__DATA__
═══

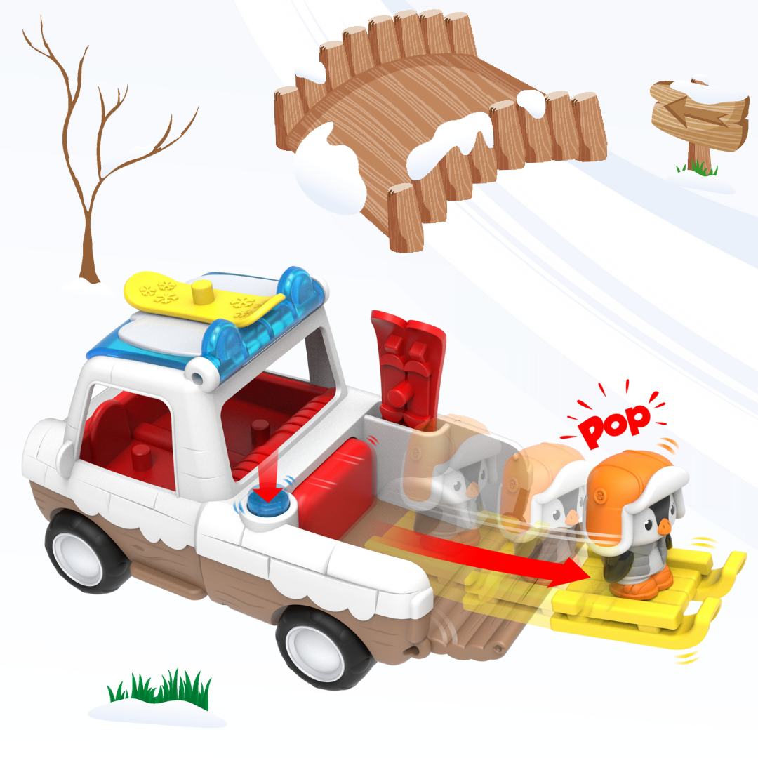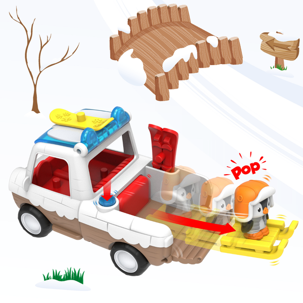 Отправете се на приключение по снежните писти с фантастичния джип, който отвежда малкия изследовател в света на фантазията. С аксесоарите ски, сноуборд и шейни детето ще открие радостта от зимата! Натискането на бутон разкрива скрити изненади, а сладките пингвини правят преживяването още по-магическо.
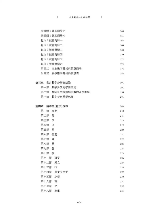 自通過博士學(xué)位論文答辯以來的六年間,又有一批優(yōu)秀的學(xué)者關(guān)心數(shù)字卦的問題,尤其是在清華簡《筮法》公布之后,涌現(xiàn)了諸多杰出的成果。在繹讀這些成果的過程中,我既體會到新的出土文獻(xiàn)資料對相關(guān)問題的巨大推動,亦感慨這篇舊作已難以超越時賢的最新研究,因而決定將其盡量以原始面貌呈現(xiàn)給讀者。需要說明的是,原學(xué)位論文并未收入知網(wǎng),后來有師友想了解情況,我曾將電子版全文呈給一些同好,而后定稿已在學(xué)界流傳并被部分研究者引用。按清華大學(xué)博士學(xué)位論文的寫作要求,論文原為簡體,為使古文字方面的討論便于閱讀,現(xiàn)改作繁體。此次出版除了一些文字錯誤、引書版本的補充更正和表述修改等技術(shù)方面的修訂外,整體內(nèi)容和觀點大體如舊。惟為保證所輯錄數(shù)字卦材料全面、清晰、準(zhǔn)確,今將原論文材料輯錄的部分新列為一章,調(diào)整了輯錄的格式,補充了新見的高清資料,并將前期研究做的電子摹本重新修改擴(kuò)增了進(jìn)來。懇望大家能以“階段性”成果的目光對本書加以批評。
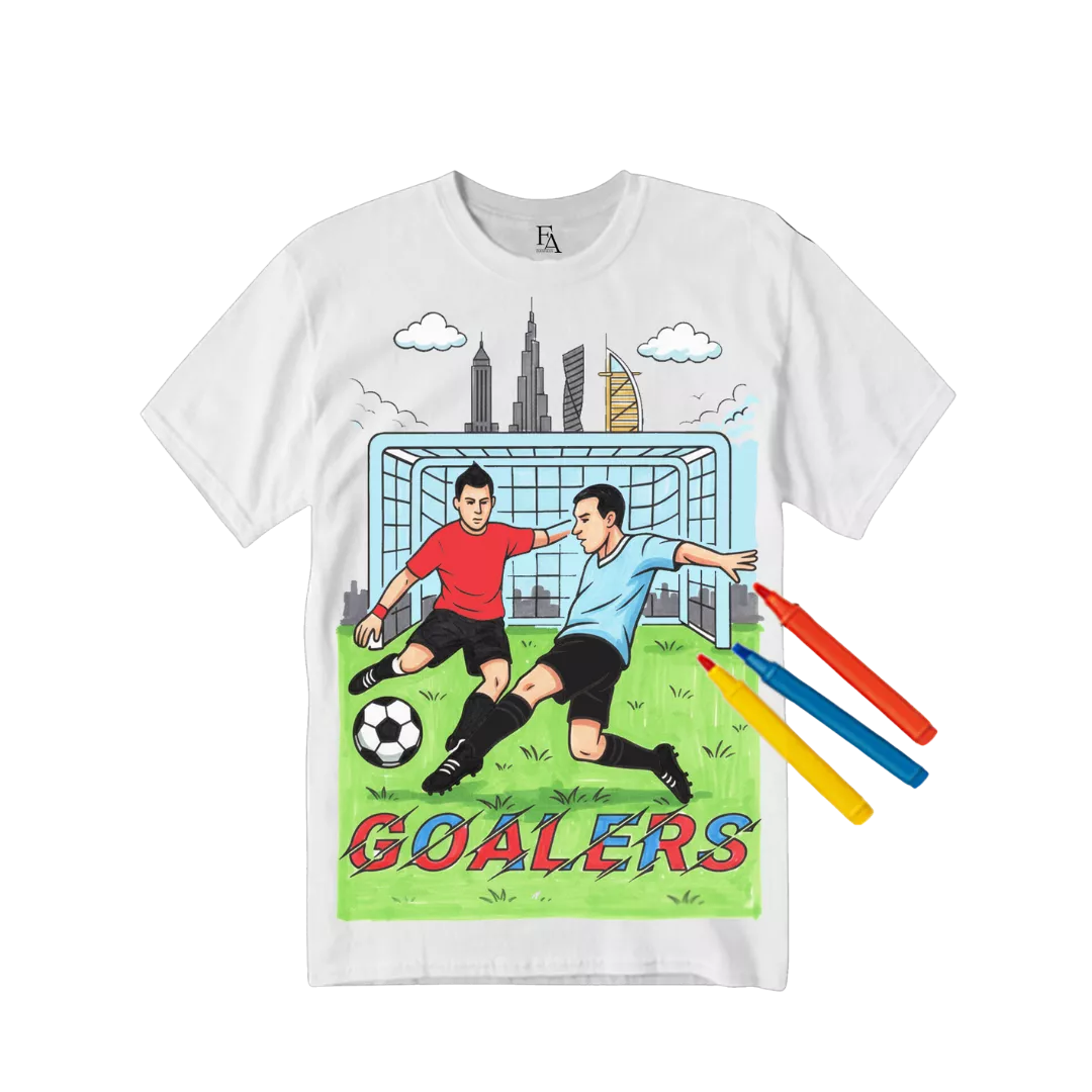 Love football? Color your own GOALERs T-shirt and show your passion for the game. Use the included washable markers to design your favorite football scenes, players, or team colors. Wash and recolor anytime. Perfect for young football fans who dream big and play hard.

═══

Everything from the top line of the data down to and including the line with "自通過博士學(xué)位論文" is to be copied, except the pictures.

 Отправете се на приключение по снежните писти с фантастичния джип, който отвежда малкия изследовател в света на фантазията. С аксесоарите ски, сноуборд и шейни детето ще открие радостта от зимата! Натискането на бутон разкрива скрити изненади, а сладките пингвини правят преживяването още по-магическо.
 自通過博士學(xué)位論文答辯以來的六年間,又有一批優(yōu)秀的學(xué)者關(guān)心數(shù)字卦的問題,尤其是在清華簡《筮法》公布之后,涌現(xiàn)了諸多杰出的成果。在繹讀這些成果的過程中,我既體會到新的出土文獻(xiàn)資料對相關(guān)問題的巨大推動,亦感慨這篇舊作已難以超越時賢的最新研究,因而決定將其盡量以原始面貌呈現(xiàn)給讀者。需要說明的是,原學(xué)位論文并未收入知網(wǎng),后來有師友想了解情況,我曾將電子版全文呈給一些同好,而后定稿已在學(xué)界流傳并被部分研究者引用。按清華大學(xué)博士學(xué)位論文的寫作要求,論文原為簡體,為使古文字方面的討論便于閱讀,現(xiàn)改作繁體。此次出版除了一些文字錯誤、引書版本的補充更正和表述修改等技術(shù)方面的修訂外,整體內(nèi)容和觀點大體如舊。惟為保證所輯錄數(shù)字卦材料全面、清晰、準(zhǔn)確,今將原論文材料輯錄的部分新列為一章,調(diào)整了輯錄的格式,補充了新見的高清資料,并將前期研究做的電子摹本重新修改擴(kuò)增了進(jìn)來。懇望大家能以“階段性”成果的目光對本書加以批評。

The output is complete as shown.